Vers la création d’un graph juridique
Aux côtés de sa plateforme de data, Jus Mundi a bâti un annuaire référençant 25 000 arbitres internationaux, avocats et autres experts en droit international. En grande partie disponible en libre accès, il réserve là-encore certaines informations clés aux abonnés payants. La première d’entre elles ? La liste complète des affaires traitées par les professionnels, avec l’ensemble des décisions et documents associés.
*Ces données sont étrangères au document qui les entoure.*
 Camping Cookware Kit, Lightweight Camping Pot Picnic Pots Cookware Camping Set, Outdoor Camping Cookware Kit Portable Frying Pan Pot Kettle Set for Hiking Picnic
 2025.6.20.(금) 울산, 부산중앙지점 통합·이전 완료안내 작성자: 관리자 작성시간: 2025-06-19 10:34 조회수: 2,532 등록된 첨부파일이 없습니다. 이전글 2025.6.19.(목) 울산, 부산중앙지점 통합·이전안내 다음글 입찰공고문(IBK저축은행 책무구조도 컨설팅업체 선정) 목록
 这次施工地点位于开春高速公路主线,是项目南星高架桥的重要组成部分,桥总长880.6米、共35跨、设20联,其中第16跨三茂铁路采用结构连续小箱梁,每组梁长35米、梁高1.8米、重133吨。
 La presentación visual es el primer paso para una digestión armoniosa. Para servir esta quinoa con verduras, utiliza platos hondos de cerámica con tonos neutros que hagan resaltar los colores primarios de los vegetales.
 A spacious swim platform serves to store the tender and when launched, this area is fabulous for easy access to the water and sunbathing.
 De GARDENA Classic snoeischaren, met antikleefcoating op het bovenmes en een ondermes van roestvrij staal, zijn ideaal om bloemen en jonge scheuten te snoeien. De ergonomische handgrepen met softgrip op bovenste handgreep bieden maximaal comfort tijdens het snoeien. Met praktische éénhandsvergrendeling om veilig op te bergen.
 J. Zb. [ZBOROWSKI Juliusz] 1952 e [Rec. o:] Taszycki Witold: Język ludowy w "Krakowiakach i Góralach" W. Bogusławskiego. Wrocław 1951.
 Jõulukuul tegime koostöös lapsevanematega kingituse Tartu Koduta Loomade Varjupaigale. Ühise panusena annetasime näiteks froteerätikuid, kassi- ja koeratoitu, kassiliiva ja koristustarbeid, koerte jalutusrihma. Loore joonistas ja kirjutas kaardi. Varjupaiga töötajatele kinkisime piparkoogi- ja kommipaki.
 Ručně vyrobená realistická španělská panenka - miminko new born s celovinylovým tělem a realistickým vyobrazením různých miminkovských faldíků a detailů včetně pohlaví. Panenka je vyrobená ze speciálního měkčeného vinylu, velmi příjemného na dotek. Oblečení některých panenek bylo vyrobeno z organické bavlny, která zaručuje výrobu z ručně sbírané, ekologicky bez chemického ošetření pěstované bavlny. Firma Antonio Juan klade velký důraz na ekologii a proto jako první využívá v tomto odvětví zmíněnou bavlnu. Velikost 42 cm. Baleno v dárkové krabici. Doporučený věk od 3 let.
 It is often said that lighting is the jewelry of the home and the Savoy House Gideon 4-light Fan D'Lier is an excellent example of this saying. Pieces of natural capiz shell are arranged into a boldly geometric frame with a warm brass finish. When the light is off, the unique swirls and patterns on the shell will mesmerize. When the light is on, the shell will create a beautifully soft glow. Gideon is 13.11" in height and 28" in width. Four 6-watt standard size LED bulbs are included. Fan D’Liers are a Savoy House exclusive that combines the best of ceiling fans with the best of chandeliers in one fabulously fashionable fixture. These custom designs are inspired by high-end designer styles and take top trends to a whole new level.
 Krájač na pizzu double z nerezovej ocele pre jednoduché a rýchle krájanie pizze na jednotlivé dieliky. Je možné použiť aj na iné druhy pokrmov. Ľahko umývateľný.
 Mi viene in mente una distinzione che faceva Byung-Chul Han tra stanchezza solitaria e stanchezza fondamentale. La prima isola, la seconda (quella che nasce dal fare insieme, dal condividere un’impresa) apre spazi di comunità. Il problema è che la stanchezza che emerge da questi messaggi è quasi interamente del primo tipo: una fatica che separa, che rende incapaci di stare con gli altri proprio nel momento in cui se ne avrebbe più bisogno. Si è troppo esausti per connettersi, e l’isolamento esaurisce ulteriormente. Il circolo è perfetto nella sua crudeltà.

Mieux, la version premium de l’annuaire va jusqu’à identifier les praticiens et organisations pour lesquelles ils travaillent (ou ont travaillé) qui sont intervenus dans les mêmes affaires. Un second moteur de recherche, baptisé Conflict Checker, permet à partir du nom d’un juriste indexé d’accéder à l’ensemble de ses relations. “Nous sommes en train de migrer cette application vers la base de données orientée graph Neo4J”, confie le CTO de la jeune pousse.
Jus Mundi vient tout juste de passer le cap du million de chiffre d’affaires annuel récurrent (ARR). Un revenu multiplié par cinq sur un an. Sans surprise, 90% de l’activité est réalisée à l’étranger, 40% aux Etats-Unis. “67% des plus grands cabinets d’avocats sont américains, et 30% anglais”, rappelle Jean-Rémi de Maistre, co-fondateur et CEO de Jus Mundi, et ancien avocat en droit international. Aux côté de l’Amérique du Nord et de l’Europe, la société commercialise aussi son offre en Amérique Latine et en Asie.
Parmi ses clients, Jus Mundi compte une centaine de cabinets d’avocats, dont les prestigieux Curtis, Dentons, DLA Piper, Eversheds Sutherland ou Freshfields. Mais également des administrations centrales tels le ministère des Affaires étrangères français et le bureau des Affaires étrangères britannique. Sans oublier des universités comme la Cambridge, Harvard ou la Sorbonne.
Une stratégie de diversification
Le marché ciblé par Jus Mundi offre de belles perspectives de croissance. “Les deux tiers des entreprises américaines ou européennes de plus de 100 millions d’euros de chiffre d’affaires annuel ont au moins un arbitrage international en cours, et 40% plus de quatre”, estime Jean-Rémi de Maistre. Principal avantage ? Les legaltechs sont pour l’heure très rares sur ce marché.
En vue de conserver son avance, Jus Mundi entend diversifier son offre au-delà de l’arbitrage, et s’étendre au droit du sport, de l’environnement et de la fiscalité internationale. Côté commercial, la société prépare l’ouverture d’un premier bureau à l’étranger. “Il sera basé à New York pour mieux cibler notre marché phare”, confie Jean-Rémi de Maistre.
De 40 salariés aujourd’hui, Jus Mundi compte se hisser à 80 collaborateurs d’ici l’été 2022. La moitié des recrutements rejoindra les forces commerciales, l’autre moitié la R&D avec comme cible des profils de développeur, de data scientist et d’experts en NLP.